Although I really should know better by now, I'm still getting accustomed to the idea that it's been decades since the Budapest Quartet was the paradigm of what a string quartet should be: four formally dressed men playing classical repertory with prim reverential decorum. In fact, the obvious model for the St. Lawrence is the liberated standard set by the Kronos Quartet more than 30 years ago: eclectically dressed men and women who love to engage their audiences and who play all sorts of repertory, including the classical standards, with unbridled enthusiasm and physicality.

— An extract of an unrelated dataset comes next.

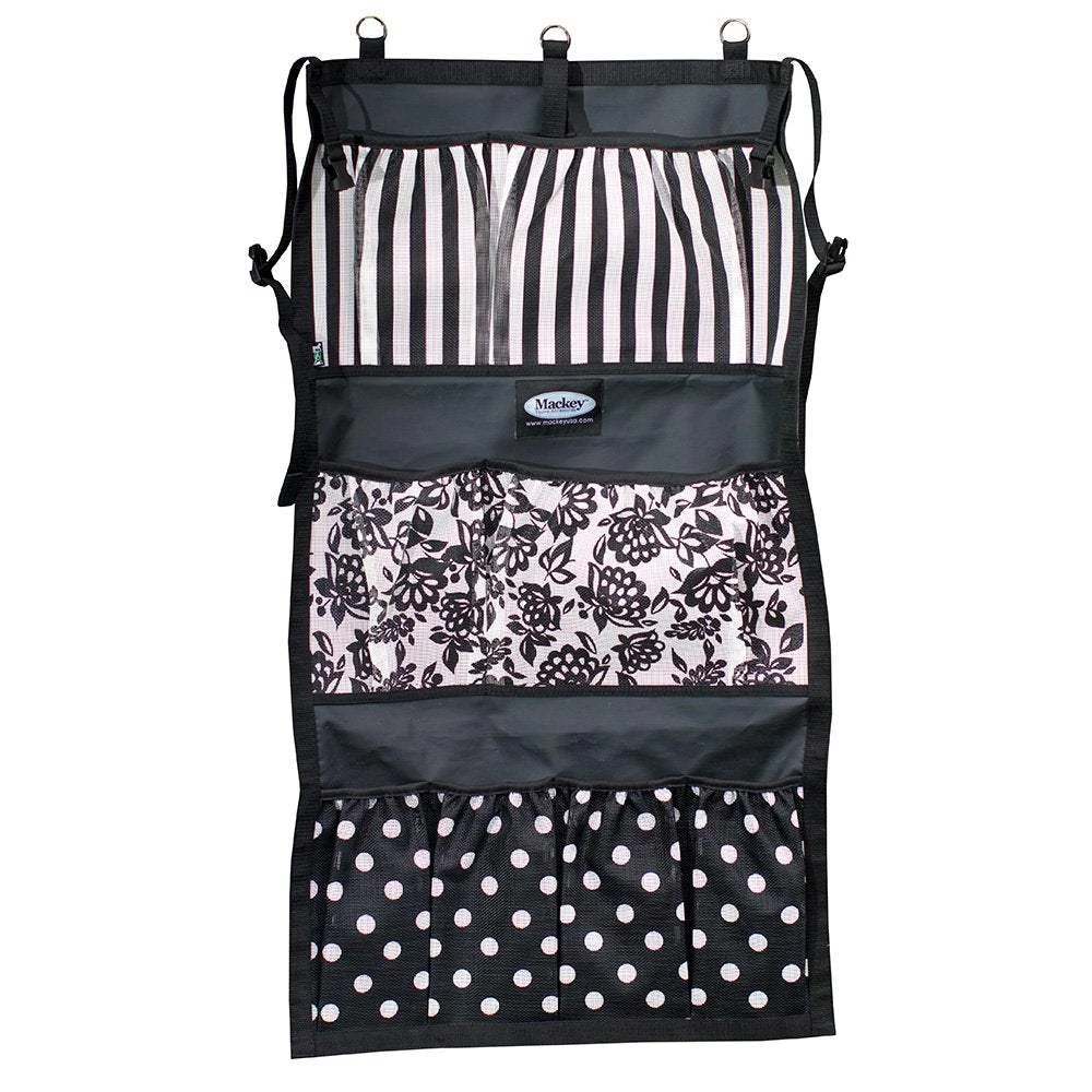 The Mackey Hanging tack organizer hangs from your tack for or trailer(with rings or strap option) Made with PVC coated mesh and nylon webbing for durability and for easy clean up.

Even by this modern standard, the St. Lawrence is extreme. Here is a YouTube clip of them playing the Scherzo from Beethoven's String Quartet No. 13, Op. 130. (The St. Lawrence has not, apparently, produced any high-quality on-line videos.) If you agree with the first comment accompanying this clip ("Played well, but too much distracting physical movement")— and I must say this is a maniacally over-the-top performance— then you would have been outraged by their performance at the Perelman, especially by their rendition of Beethoven's Op. 18, No. 4.
In this performance, the only staid member of the group was the group's founder (and, one cannot help imagining, den mother), violist Lesley Robertson. The three guys played like hyperactive teenagers, but none so much as Geoff Nuttall, the second violinist, whose musical exuberance often drove him to kick both feet in the air and who often seemed to be using his face to do a Marcel Marceau shtick illustrating the music while he played it.
Nevertheless, the quartet played beautifully, with both power and finesse, finding both the passion and wit in Beethoven's Haydnesque early style.
Golijov's Yiddishbbuk is a fierce dissonant invocation of a fragmentary lost work of Franz Kafka"“ in Kafka's words (from the program notes), "No one sings as purely as those who are in the deepest hell"— and the St. Lawrence appropriately tore into it like a pack of blood-crazed sharks.
As it turns out, Nuttall is the group's charming and unpretentious spokesman. After hearing him speak before the Golijov, I was much more willing to put up with his shenanigans. Nevertheless, by the intermission I was still worried that his exhibitionist streak might hijack the Mozart.
Subdued by Mozart
I'm happy to report that such was not the case. Perhaps it was the presence of violist Michael Tree, one of the founding members of the Guaneri Quartet (in 1964) and now in his mid-70s. Perhaps Nuttall and his cohorts know that it's inappropriate to carry on while playing Mozart, even this Mozart. Whatever the reason, the quartet became physically more subdued, if not exactly calm (Nuttall, now on first violin, still tried to use his eyebrows as expressively as he used his bow) and delivered a fine performance of Mozart's masterpiece.
Fine, but not transcendent. To my ears, if there was a flaw in the St. Lawrence's performance of K. 516, it was, ironically, a subtle lack of intensity, a cumulative lack of dynamic contrast. And the last movement seemed to stagger just a little bit coming down the homestretch"“ a few intonation problems here and there"“ perhaps the price of all that expended physical energy.
But I'm being picky, and I'm perfectly willing to admit that probably no performance of this work would please me entirely. Mission accomplished. Now I can put the G minor Quintet back in its special niche in my musical psyche and move on.